When I received my first book catalogues from publishers I was childishly pleased. And I still am. Sometimes. I was talking to a book world friend a few weeks ago about a recently received annual catalogue, and remarking that for all the books it listed, I was only interested in one.
In a way that was good, because it eases the burden of how to find the time to read. But what upset me was the large number of romances. That’s the only word to describe what they are. My foreign youthful equivalents of Mills & Boon have now been replaced by books with dark covers depicting vampires and dystopias and the like.
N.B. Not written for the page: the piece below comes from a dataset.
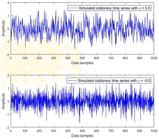 Then, a key question here is how to test for (non)stationarity of a time series. Typically, data acquired from engineering systems or structures involve mostly two types of signals: (1) stationary time series (if ) and (2) nonstationary random walk series (if ). Then, the concern would be if a unit root exists () or does not exist (). If a unit root exists, then one has a nonstationary time series; in the case where there is no unit root, then one has a stationary time series [18]. This can be performed by means of a unit root test, which makes statistical inference about the (non)stationarity of time series data.
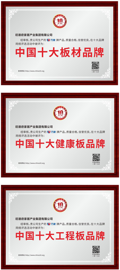 權威媒體《中國品牌網》一直對家居建材行業的發展尤為關注,特意聯合十余家主流媒體共同舉辦了“中國十大品牌”評選活動,邀請行業專家和全國消費者參與審核和投票,在板材圈引起了強烈反響。旺德府家居產業集團旗下主營品牌“萬象”,亦憑借雄厚的資質順利獲得參選資格。其在一路的選拔賽中名列前茅,最終斬獲了“中國十大板材品牌”、“中國十大健康板品牌”、“中國十大工程板材品牌”三項榮譽稱號,在多位贏家之中顯得更加閃耀。

One such book I can show an interest in. Several even, if they don’t all come at once. Except they do. The catalogue I have in mind had pages and pages of them, and when you see all the covers side by side, the similarities are more striking than when you see them on their own. Being a bit gaga I peer at every new book and wonder whether I’ve already seen it. But most likely it was just one of its mates, looking almost the same.
The books are OK. I’m sure I’d enjoy reading a few if I had nothing else to read. But like the Mills & Boons they are not really review material. Or at least, I don’t think so. I’d never have dreamt of reviewing a romance back when I consumed them, nor would I have looked for someone else’s review of them. You buy or borrow, read and discard.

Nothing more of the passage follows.